Dataset excerpt —
————————

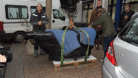 Schreinermeister Thomas Grund hatte eine hervorragende Lösung parat und baute im Vorfeld eine Rampe. Beachtlich mit welcher Präzision dies vorbereitet war und mit welcher Ruhe und Fachkompetenz die Mitarbeiter der Schreinerei Grund diese spektakuläre und schwierige Anlieferung durchführten.
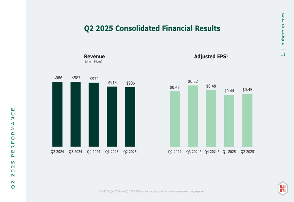 Hub Group reported Q2 2025 revenue of $906 million, down 8% from $986 million in the same quarter last year. Despite the revenue decline, the company maintained relatively stable profitability with adjusted diluted earnings per share of $0.45, compared to $0.47 in Q2 2024. Adjusted operating income reached $37 million, representing 4.1% of revenue, a slight improvement from the 4.0% margin reported in the prior year.
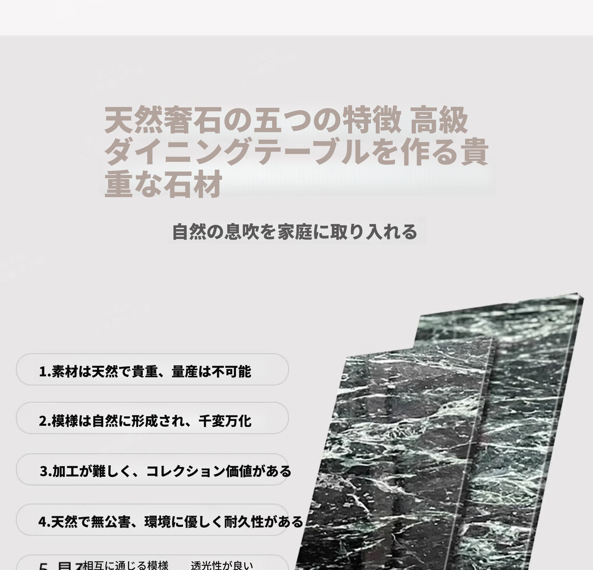 ラグジュアリー石ダイニングテーブル【36mm厚みのあるラグジュアリー石天板】
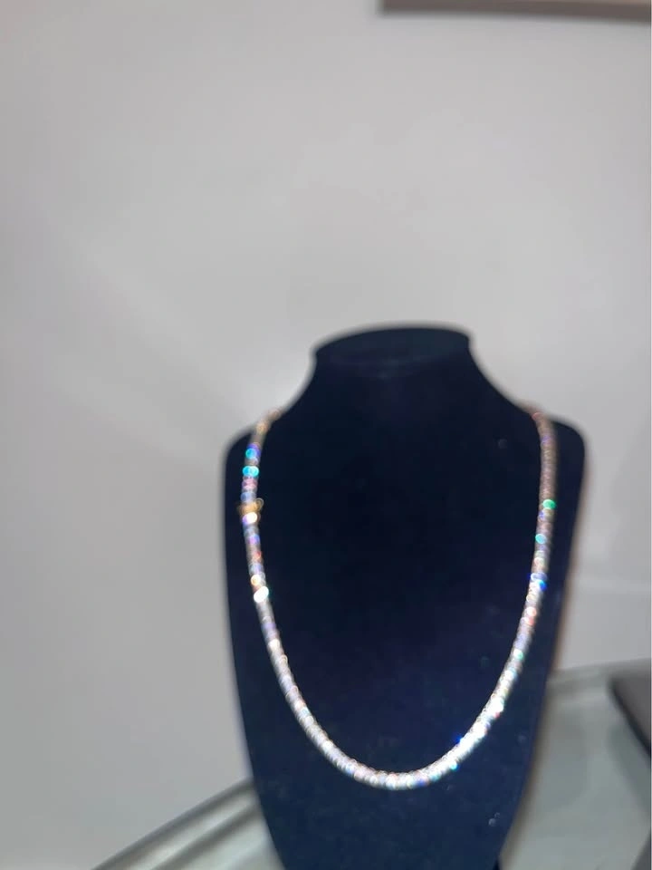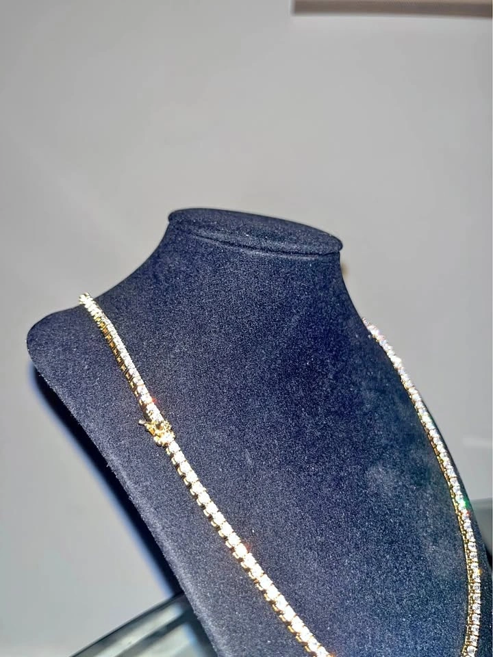 High-quality tennis chain, 24 inches long and 3mm wide, perfect for a clean and flashy look. Features VVS CZ simulated stones with a diamond-like shine. Made of stainless steel that won't rust or fade. Hypoallergenic and safe for daily wear. Premium shine and excellent craftsmanship. Perfect for everyday wear or special occasions. Looks luxurious, eye-catching, and matches any outfit. Message me for more details or pictures.

————————

Leaving out all pictures, repeat word for word the lines from the one containing "Hub Group reported" through the final line of the material above.

Output below —
 Hub Group reported Q2 2025 revenue of $906 million, down 8% from $986 million in the same quarter last year. Despite the revenue decline, the company maintained relatively stable profitability with adjusted diluted earnings per share of $0.45, compared to $0.47 in Q2 2024. Adjusted operating income reached $37 million, representing 4.1% of revenue, a slight improvement from the 4.0% margin reported in the prior year.
 ラグジュアリー石ダイニングテーブル【36mm厚みのあるラグジュアリー石天板】
 High-quality tennis chain, 24 inches long and 3mm wide, perfect for a clean and flashy look. Features VVS CZ simulated stones with a diamond-like shine. Made of stainless steel that won't rust or fade. Hypoallergenic and safe for daily wear. Premium shine and excellent craftsmanship. Perfect for everyday wear or special occasions. Looks luxurious, eye-catching, and matches any outfit. Message me for more details or pictures.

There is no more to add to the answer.